Author Correction: Dynamic patterns of YAP1 expression and cellular localization in the developing and injured utricle

Correction to: Scientific Reports https://doi.org/10.1038/s41598-020-77775-8, published online 25 January 2021

The original version of this Article contained errors in Figure 3E, where the image used for “3 mM Neomycin” was inadvertently swapped with the image used for the “Control.”

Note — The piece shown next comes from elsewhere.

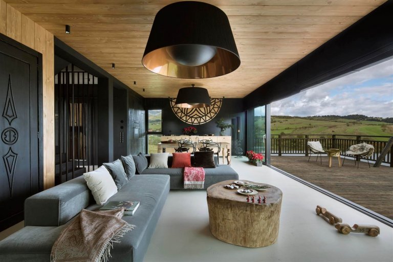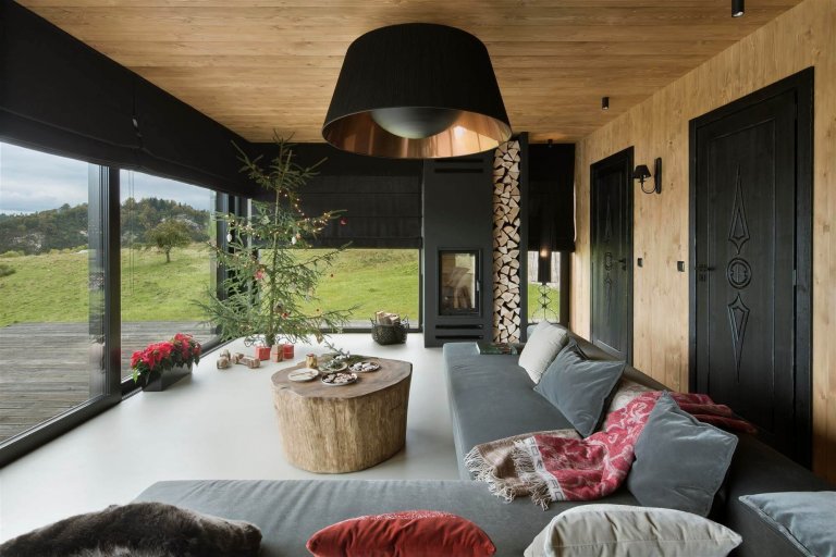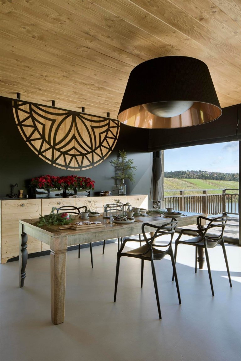V přízemí domu se nachází obývací pokoj, ze kterého je možné přejít na terasu bezprostředně ležící na břehu jezera. Místo televize pozorují majitelé z velké sedačky okolní krajinu. Díky pozemku bez oplocení tak jsou na dosah přírodě a místní zvířata na pastvě jim nakukují do oken. Nádherný výhled mohou majitelé pozorovat také od jídelního stolu. Masivní dřevěný stůl se zdobenými prvky kontrastuje s moderními designovými židlemi a černou výmalbou zdi.

The original Figure 3 and accompanying legend appear below.

Figure 3

Transient nuclear translocation of YAP1 in organotypic culture of the mouse utricle. (A) Utricles were explanted from CD1 mice at P15, and attached to Matrigel-coated dishes. Specimens were fixed and examined after 0–24 h in culture. Confocal images show supporting cells of cultured utricles immunolabeled for YAP1 (red) and SOX2 (blue). (B) Utricles were explanted at P15 and cultured in a Matrigel-coated or uncoated dishes as free-floating samples. Cultures were fixed and examined after 2 and 6 h in vitro. Confocal images show supporting cells of cultured utricles immunolabeled for YAP1 (red) and SOX2 (blue). (C) Quantitative data on the percentage of supporting cells with nuclear YAP1 immunoreactivity. All data were obtained from 10,000 μm² regions within the extrastriolar and striolar regions of each utricle. There was a significant increase in nuclear YAP1 immunolabeling at 2 h, 6 h and 12 h in vitro, relative to specimens fixed immediately after explantation (0 h) (p < 0.0001, 12 h, Ex-striolar p = 0.0027, Striolar p = 0.0198). (D) Quantitative data on the percentage of supporting cells with YAP1-labeled nuclei. All data were obtained from 10,000 μm² regions within the extrastriolar and striolar regions of each utricle. There was no significant increase in the percentage of cells with nuclear YAP1 at 2 hr and 6 hr time points between the coated and uncoated cultures. However, there was a significant increase in nuclear YAP1 immunolabeling in utricles cultured in coated and uncoated dishes at the 6 hr time point, vs. those cultured for 2 hr (p < 0.0001). (E) Effects of culture in neomycin on YAP1 nuclear immunoreactivity in supporting cells. Images at far left show the lumen of the sensory epithelium in control and neomycin-treated utricles. Culture for 24 h in 3 mM neomycin led to reduced numbers of hair cells (red). Remaining images show z-sections through the sensory epithelia of control and neomycin-treated utricles, at the level of hair cell nuclei (middle images) and supporting cell nuclei (images at right). Each z-section is shown with and without DAPI-labeled nuclei (grey). Regardless of treatment condition, immunoreactivity for YAP1 (green) was primarily confined to the cytoplasm of supporting cells. Data expressed as mean ± SD. Statistical test was one-way ANOVA followed by Bonferroni’s post hoc test (*p value < 0.05) (**p-value < 0.05 for Ex-striolar and Striolar both region). N = 3–6 utricles.

The original Article has been corrected.